You should now “see” a one-story structure with a big roof punctured by a turret. Right?

Wanna see a photograph of kinda sorta what is in your mind?

Scroll way down. You are gonna be really excited.


















ZOUNDS! Mike brought this to my attention. This is a house in Illinois. This is kinda sorta maybe what my carriage house looked like in 1894. Incredible find, Mike! Thank you!

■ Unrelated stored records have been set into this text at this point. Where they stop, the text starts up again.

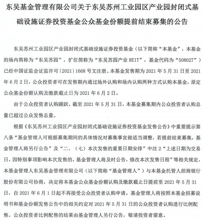 也就是说,因为投资者的“疯抢”,首批9只公募REITs发行当天全部“卖爆”,基金管理人纷纷发公告要提前结束募集,对公众投资者认购进行比例配售。21世纪经济报道记者从渠道获悉,9只公募REITs的配售比例均在5%以下。
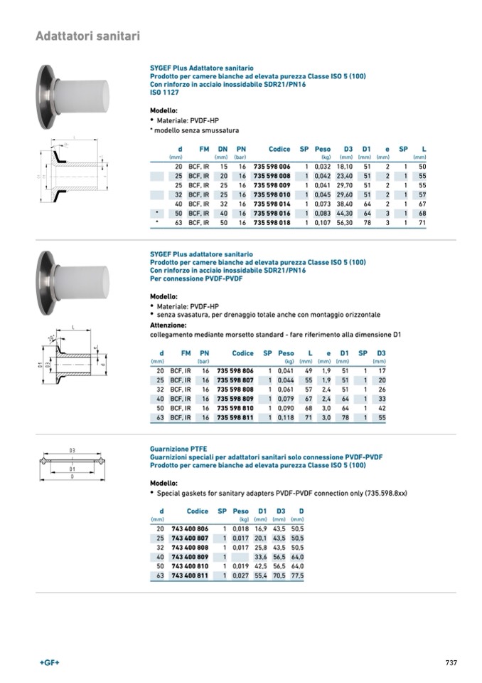 Special gaskets for sanitary adapters PVDF-PVDF connection only (735.598.8xx)
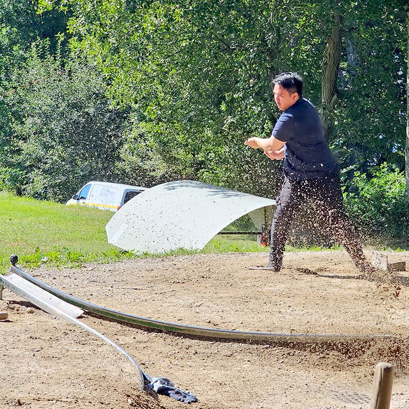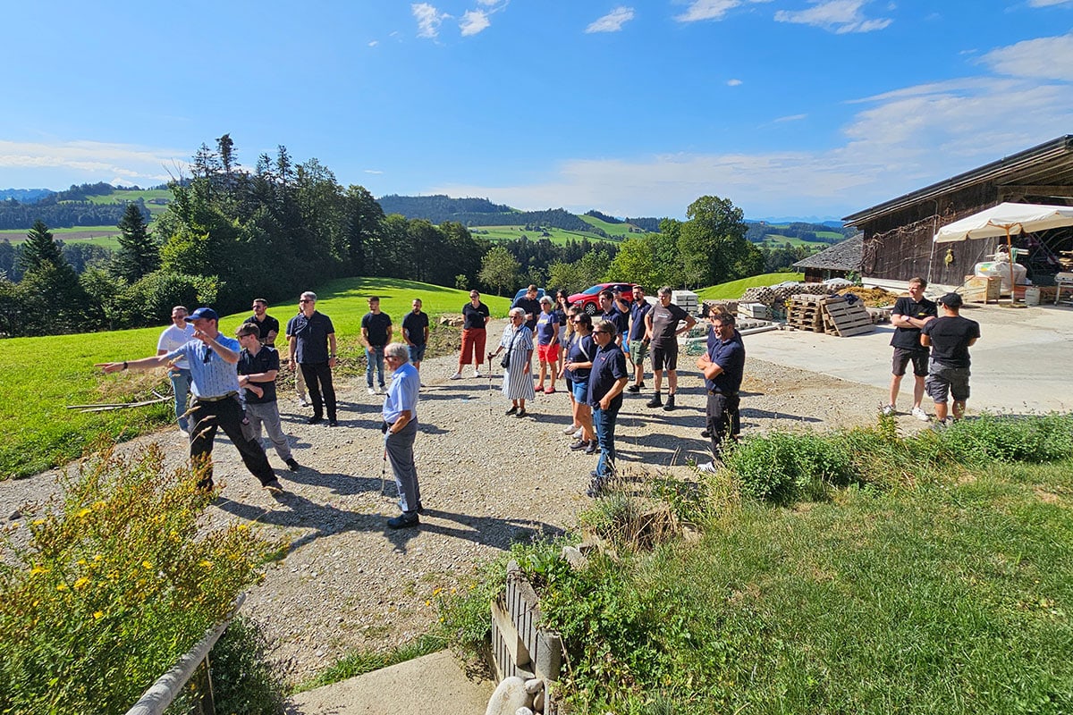 Und wie jedes Jahr gab es an einem Nachmittag eine kleine Abwechslung zur Arbeit auf dem Hof. Dieses Mal ging es auf den Trainingsplatz der Hornussergesellschaft Eriswil, wo uns die zwei Profis Stefan und Marcel das Spiel erklärten und uns anschliessend zeigten, wie eine Hornisse abgeschlagen wird. Jeder hat es probiert, die wenigsten haben es aber geschafft, die Hornisse so weit zu schlagen, dass sie in einem Spiel gepunktet hätten. Es ist nämlich gar nicht so einfach und die meisten unserer Lernenden hatten vorher noch nie etwas von Hornussen gehört. Fazit: Es war super lustig und würden wir wieder machen.

15 Responses to ZOUNDS!!!!!!!!

  1. Ross, I am laid up with pneumonia right now (thanks, Influenza B), and surfing the net is about all I feel like doing. I saw this house posted in an old house page on facebook earlier, and, once I had coughed and choked a little, managed to gasp to my dog “There’s Ross’ dad-gum carriage house!”, LOL. You know I have been sort of obsessed with the turret on the carriage house, I just couldn’t imagine how Mr Squires could have just hung it up there and expected it to look right. Now that I’ve seen this other carriage house, I can rest easier 🙂 I had planned to take off this week to work on my house, but since that isn’t happening, I’m glad that I was at least able to help you a little. Silver lining, I guess. Good luck on the interior projects this month, but I am looking forward to May 1; that north wall is still my favorite, and I can’t wait to see how it looks when it has all been painted. Your house has become a special place for a lot of people…

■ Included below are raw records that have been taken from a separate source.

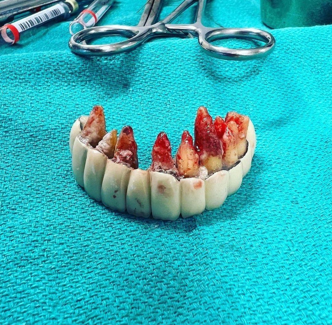 This patient came into my office last week for extraction of all of her remaining maxillary teeth due to severe periodontal disease. Once sedated, I was able to remove this bridge with one hand…no roots were retained. Just had to clean up the granulation tissue and place some sutures to help with bleeding and soft tissue healing. By: https://www.instagram.com/p/CuPYVbmN62-/?utm_source=ig_web_copy_link&igshid=MzRlODBiNWFlZA==
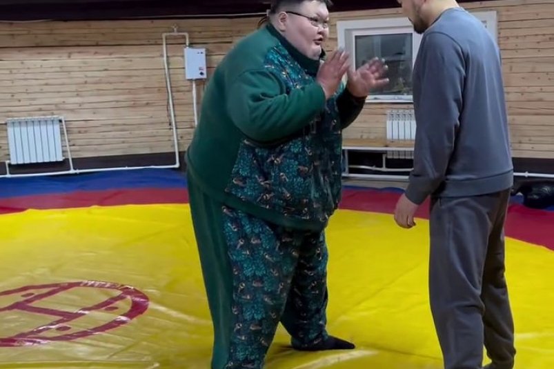 Анатолий Михаханов вошёл в историю как самый крупный сумоист в мире. Он выступал в Японии и завершил карьеру в 2018 году, после чего вернулся на родину. Тагар Намсараев — успешный самбист, боксёр и боец MMA, известный по участию в телешоу "Титаны". Видео совместной тренировки он опубликовал в соцсетях.
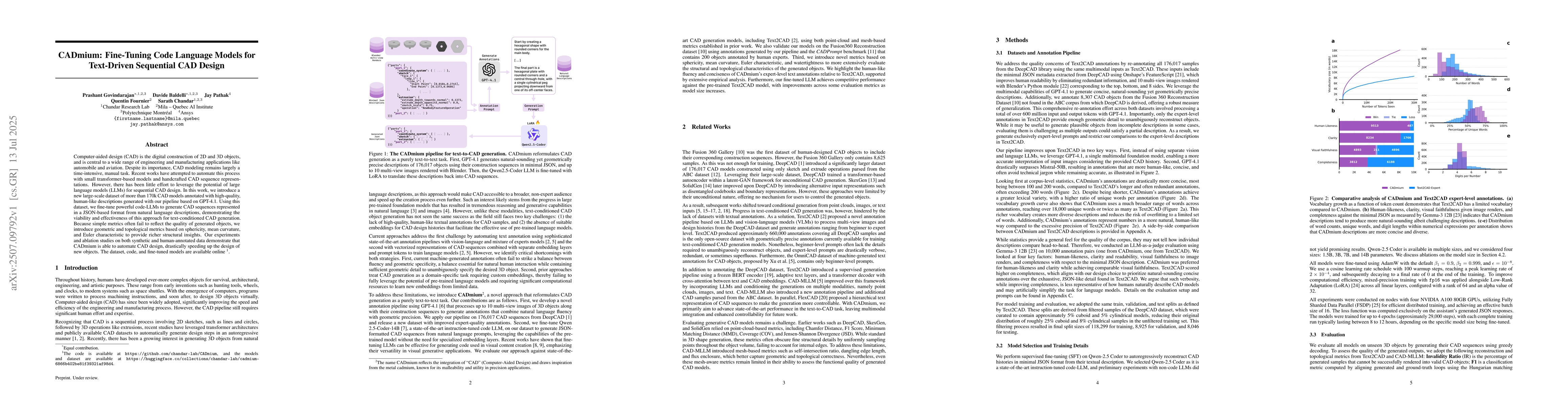 Computer-aided design (CAD) is the digital construction of 2D and 3D objects, and is central to a wide range of engineering and manufacturing applications like automobile and aviation. Despite its importance, CAD modeling remains largely a time-intensive, manual task. Recent works have attempted to automate this process with small transformer-based models and handcrafted CAD sequence representations. However, there has been little effort to leverage the potential of large language models (LLMs) for sequential CAD design. In this work, we introduce a new large-scale dataset of more than 170k CAD models annotated with high-quality, human-like descriptions generated with our pipeline based on GPT-4.1. Using this dataset, we fine-tune powerful code-LLMs to generate CAD sequences represented in a JSON-based format from natural language descriptions, demonstrating the viability and effectiveness of this approach for text-conditioned CAD generation. Because simple metrics often fail to reflect the quality of generated objects, we introduce geometric and topological metrics based on sphericity, mean curvature, and Euler characteristic to provide richer structural insights. Our experiments and ablation studies on both synthetic and human-annotated data demonstrate that CADmium is able to automate CAD design, drastically speeding up the design of new objects. The dataset, code, and fine-tuned models are available online.
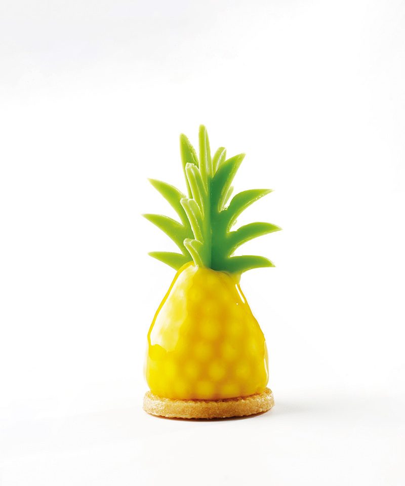 Sablés. Las bases crujientes son el punto de partida de una serie de bocados que incluyen un elemento principal y una decoración atractiva. En esta familia se sistematiza una manera de trabajar que tanto sirve para desarrollar trampantojos, productos coloristas y glaseados y propuestas con elementos frescos a la vista.
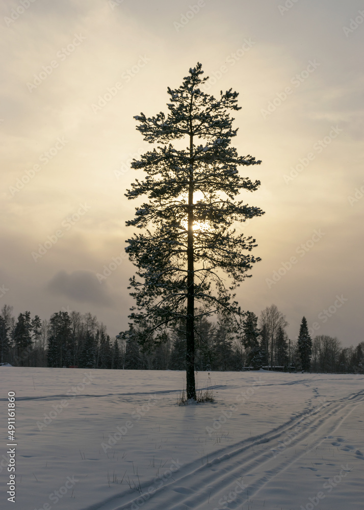 beautiful winter landscape with a lonely tree against the setting sun, the magic of winter
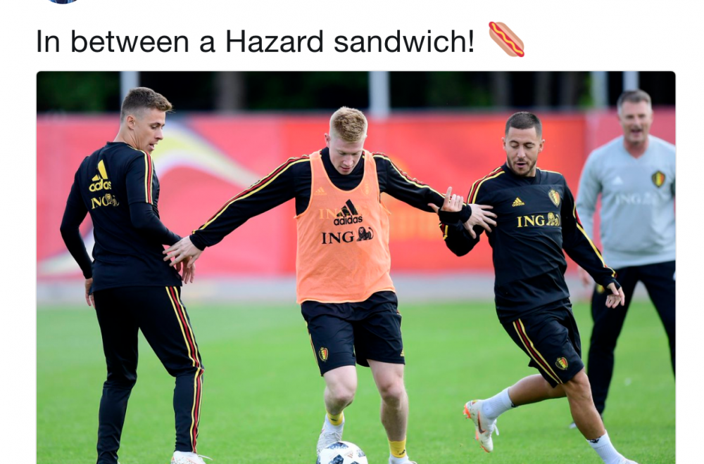 优博6月15日讯 近日,比利时国脚德布劳内发表了一则推特,上面写道:我被夹在“…

  2. I would so restore/reconfigure/re-site the carriage house for you, at least provide the $$$, if I could…

  3. I bet the whole structure would look GLORIOUS sans all the dormers. Have you given any thought as to maybe removing a couple to get the original look back, at least on the facade that faces the street, or are you going to keep it as is?

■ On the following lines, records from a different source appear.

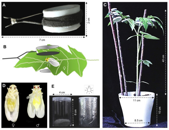 Experimental setup. (A) Clip-cage; (B) A female whitefly was contained in one clip-cage attached to one tomato abaxial leaf; (C) Five clip-cages in which a female whitefly respectively attached to tomato plant; (D) Female and male whiteflies; (E) Feeding chamber, dsRNA is contained between two layers of parafilm in the end of glass feeding tube. After whiteflies are released into the other end of the tube, the tube is sealed with a black cotton plug, covered with tinfoil, and oriented with the parafilm-covered end toward a light source about 0.5 m away in whitefly rearing room for feeding 48 h.
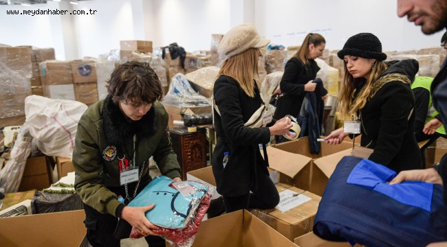 İzmir Büyükşehir Belediyesi’nin afet bölgesi için başlattığı destek çalışmaları artarak devam ederken gönüllüler de yoğun mesai harcadı. Depremin ilk gününden bu yana aralıksız çalışan gönüllüler yardımların toplanma merkezlerinde bölgeye gönderilecek kolileri düzenledi. Depremzedeler için bağışlanan kıyafet, gıda, battaniye ve insani yardım malzemelerinin tasnif ve paketleme işlemlerini yürüten vatandaşlara Ukraynalı gönüllülerden destek de geldi.
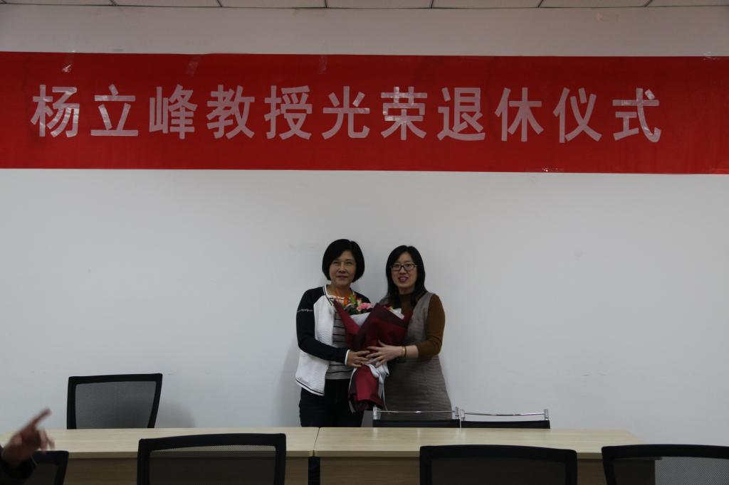 领导及老师们向杨立峰教授赠送了礼物,青年教师代表向她献花,大家合影留念。
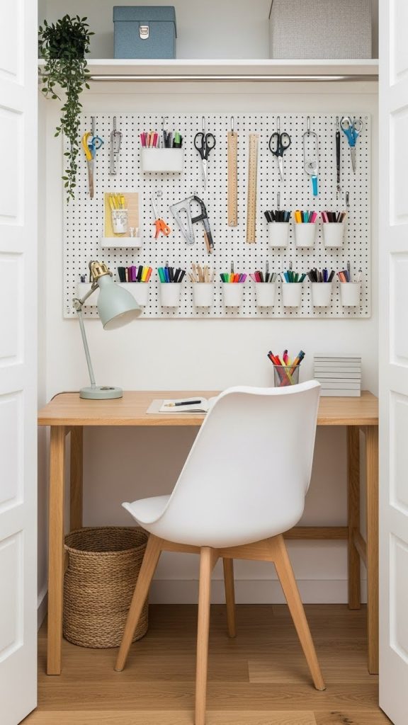 Use the back wall for pegboard or corkboard to hang tools and display inspiration. Good lighting is essential in a closet craft room, so add LED strip lights or a bright task lamp.
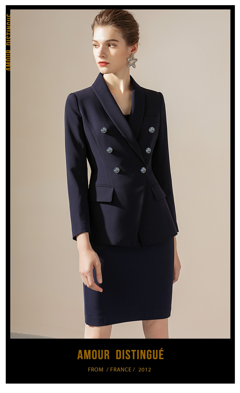 【上衣仅剩S码】IWY/藏蓝色西服西装套裙女时尚修身包臀气质名媛商务职业主持人工作服CS1150
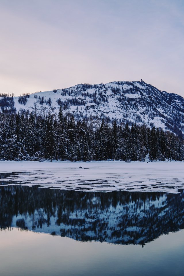 Wallpaper: winter lake, mountain - 640x960
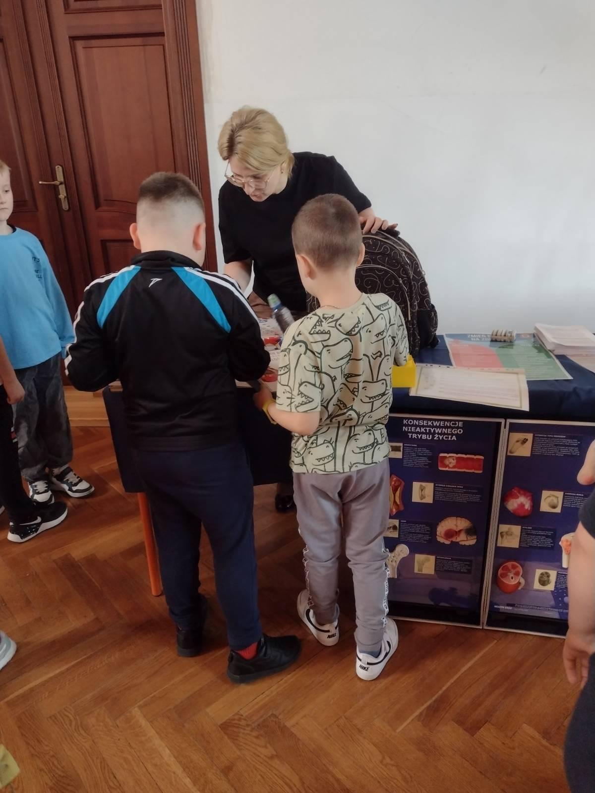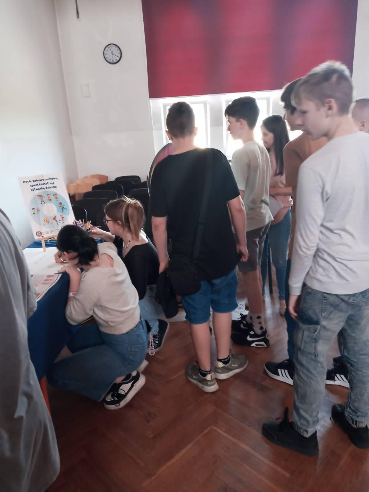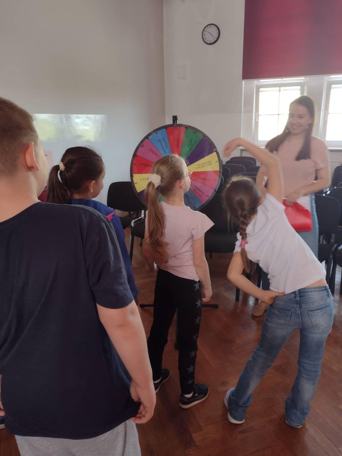 Duże zainteresowanie wśród młodych ludzi wzbudziła edukacyjna gra „Zakręć kołem fortuny i sprawdź swoją wiedzę o zdrowiu”. Uczniowie chętnie odpowiadali na pytania z poszczególnych kategorii dotyczących zdrowia oraz wykonywali różne zadania ruchowe.
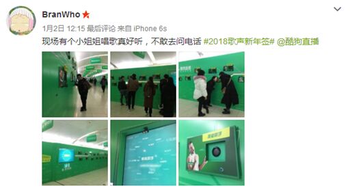 酷狗直播主打的“歌手多”,其實真不是夸大,在酷狗直播平臺上至少有35萬個歌手主播。“地鐵歌聲新年簽”活動借著節日的美好寓意,于2018年的第一天正式上線,路過的乘客與神奇的2018歌聲新年簽互動裝置產生了奇妙的化學反應,不僅很好的暗合了酷狗直播的品牌主張:歌手多(每個人都可以是歌手),還給北京和廣州兩個地方的乘客帶來了很好的觀賞與互動體驗:畢竟在每天那么多無聊辣眼睛廣告的熏陶下,期待值已經降低了很多,突然來這么一個又可以互動又養眼的廣告,頓時產生了大量的“自來水”。

  4. Lucky you! You have a carriage house! My 1892, 6500ft victorian does not and never had!
    The original owner had a shoe factory in town and we believe he kept his horses there!
    A house this size needs somewhere to park the horseless carriages!!
    It is an issue I will tackle in the next year or two! In the meantime I will continue to marvel at your blog!
    Inspirational site Ross!

    I kinda like the “extra” dormers.

  5. How cool to have a visual now! Since the carriage house is now a residence I doubt you will restore the barn door features, but this is such a good touchpoint for how it must have been.

    • What would be cool, albeit expensive, would be to make a large opening where the original barn door would have been, and then install a large slider-type door to pay homage to the original look…

  6. Hi Ross – I’ve discovered your blog fairly recently and have just finished catching up. I’ve really enjoyed it, so thank you very much. I’ve tried to subscribe a couple of times, but I’m not getting notifications of new posts (and they are not in my spam folder), so I hope commenting here will make something happen. Cheers!

    • Yay! It worked – I’m getting notifications now. I forgot to mention that I know Bo! Okay, that’s overstating it a bit. I’ve MET Bo. I live in Portland and he gave a talk at the Architectural Heritage Center on wallpaper. It was swoonworthy 🙂

  7. The image Mike sent allows to visualize that under the turret were probably the doors to enter with carriages, horses, etc.It was an excellent visual and allows to envision the original look of the carriage house in 1894. This all so fun!